═══ DATASET EXTRACT

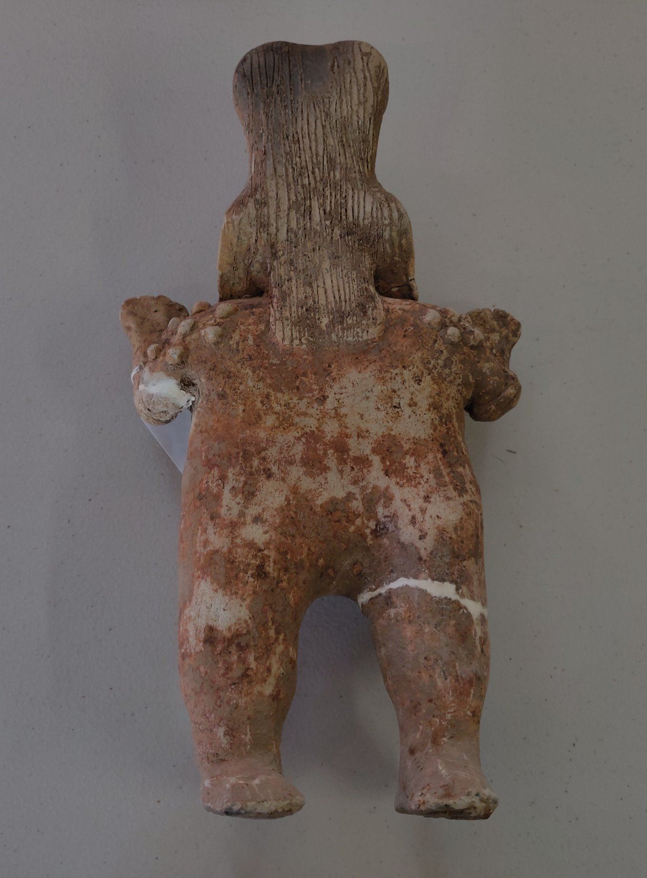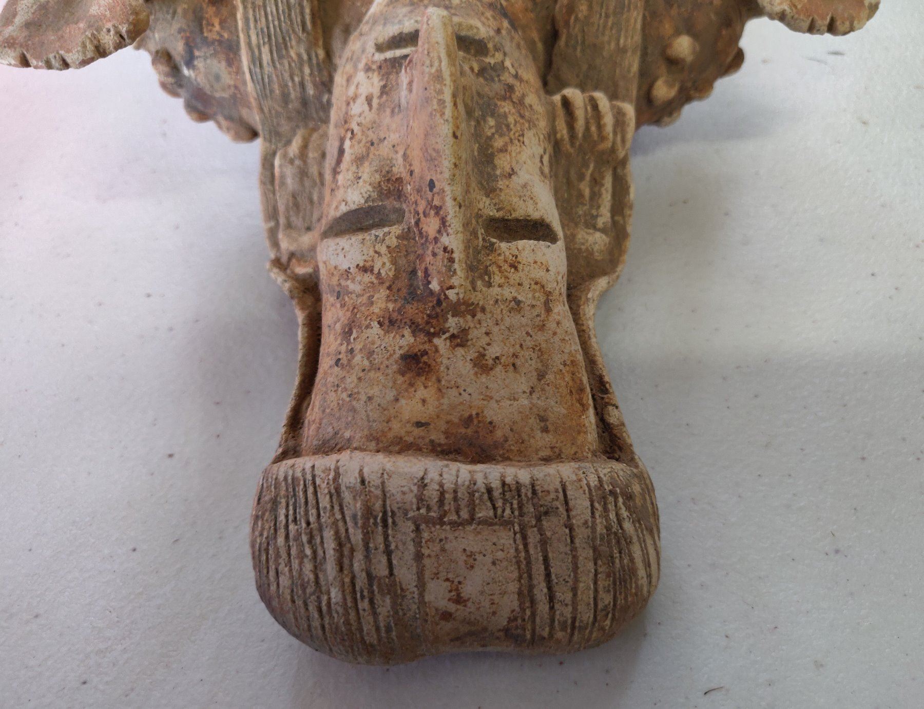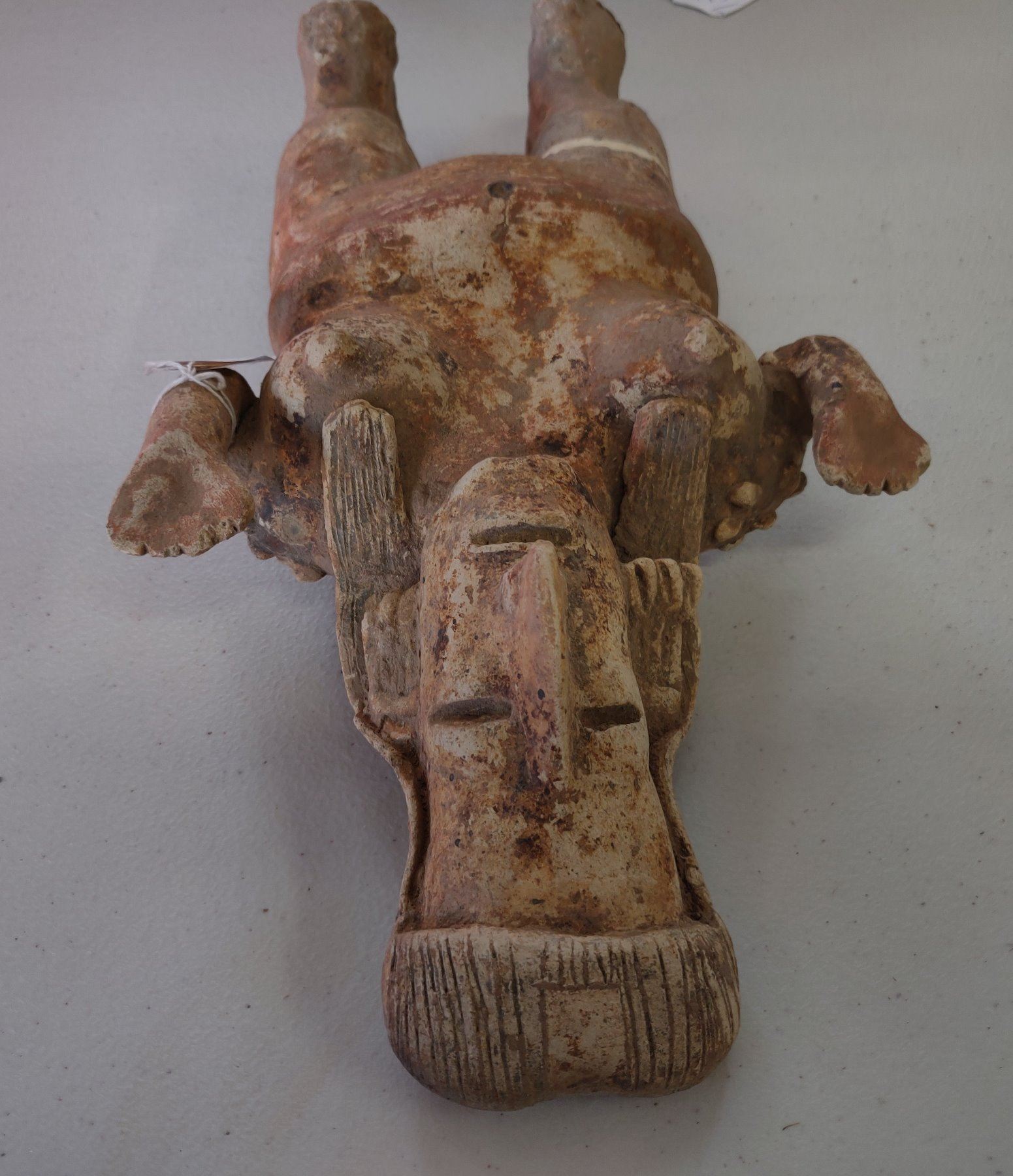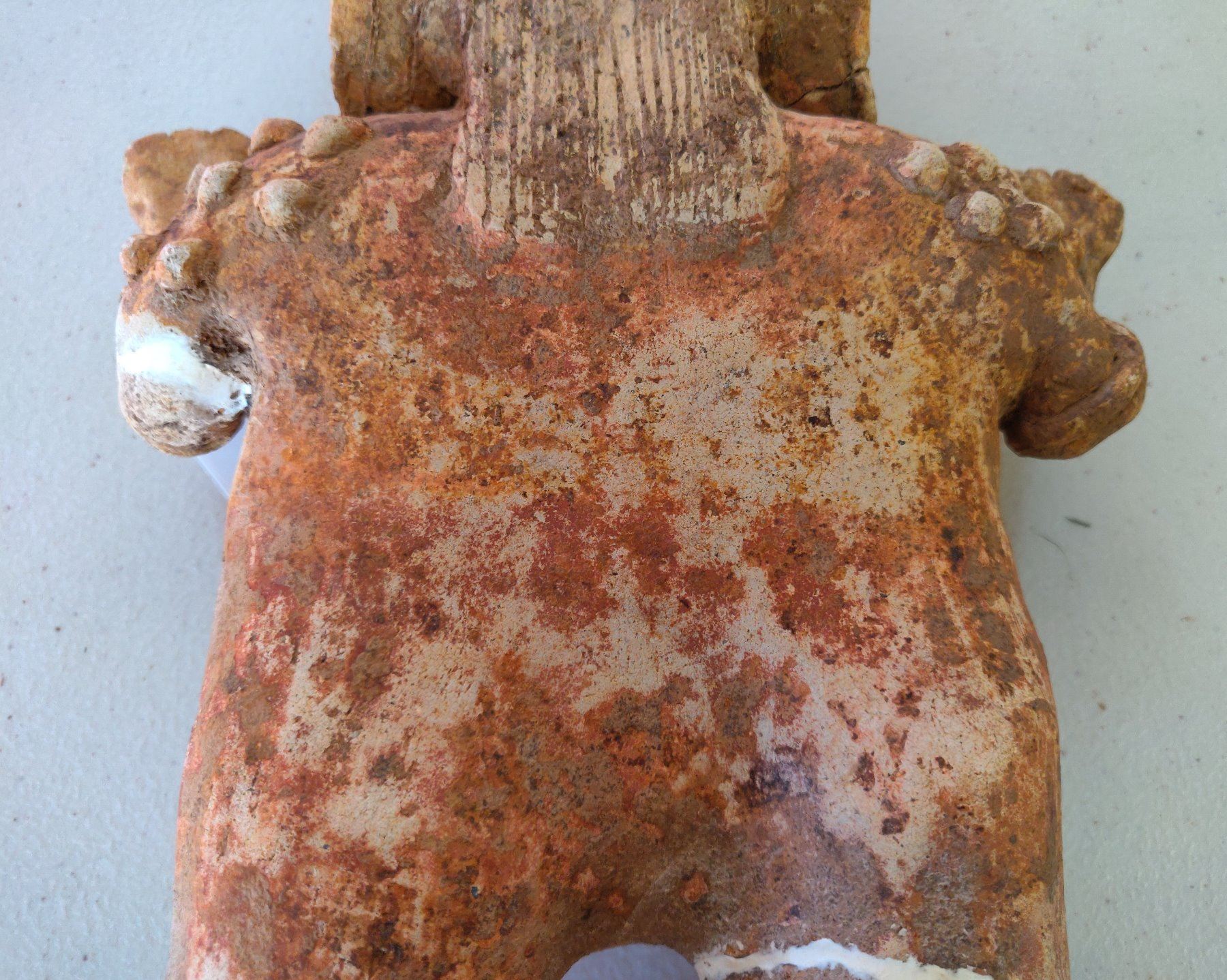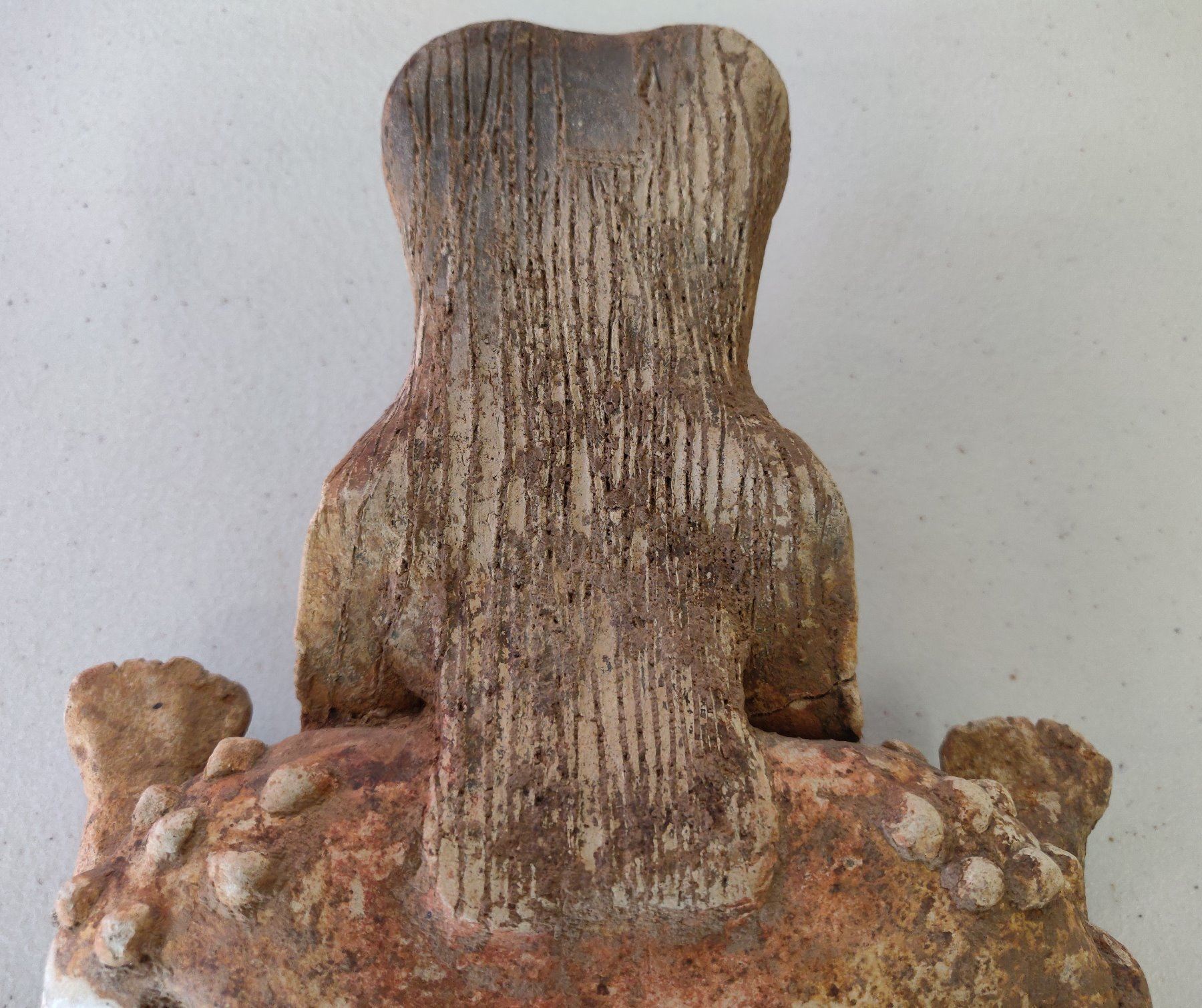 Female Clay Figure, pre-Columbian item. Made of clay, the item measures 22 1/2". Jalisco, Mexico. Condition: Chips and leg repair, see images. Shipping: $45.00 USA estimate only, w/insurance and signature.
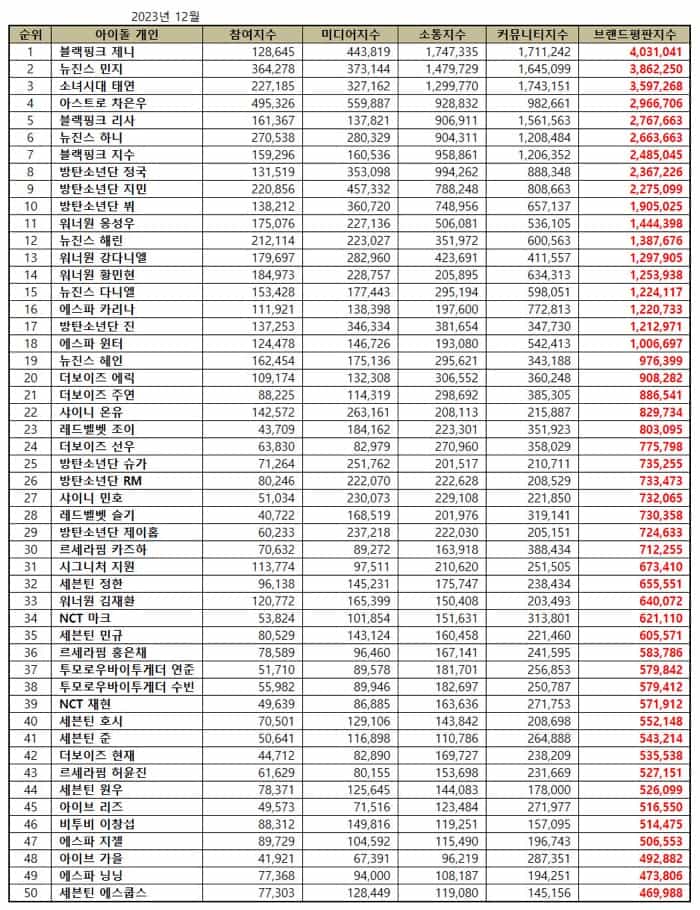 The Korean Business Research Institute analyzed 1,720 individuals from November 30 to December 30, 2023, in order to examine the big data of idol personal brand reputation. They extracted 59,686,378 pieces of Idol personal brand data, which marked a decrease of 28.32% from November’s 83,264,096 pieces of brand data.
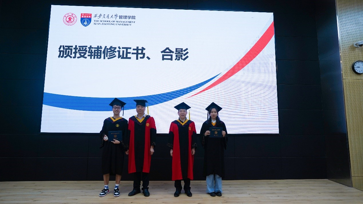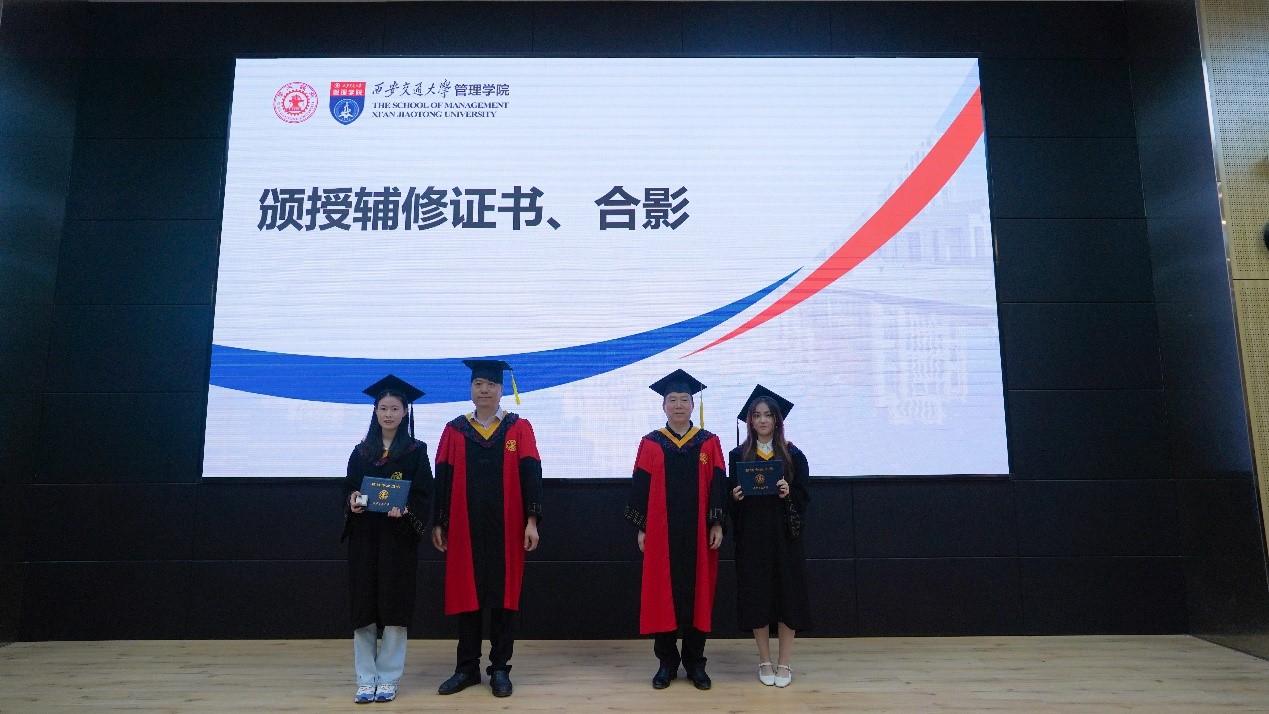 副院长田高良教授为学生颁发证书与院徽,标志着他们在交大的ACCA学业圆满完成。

══════

▶ _REQUIRED ACTION_:
Find the line containing "The Korean Business" and copy it and each line after it through the end of the material, exactly, with no pictures.

▶ _ANSWER TO THE EXERCISE_:
 The Korean Business Research Institute analyzed 1,720 individuals from November 30 to December 30, 2023, in order to examine the big data of idol personal brand reputation. They extracted 59,686,378 pieces of Idol personal brand data, which marked a decrease of 28.32% from November’s 83,264,096 pieces of brand data.
 副院长田高良教授为学生颁发证书与院徽,标志着他们在交大的ACCA学业圆满完成。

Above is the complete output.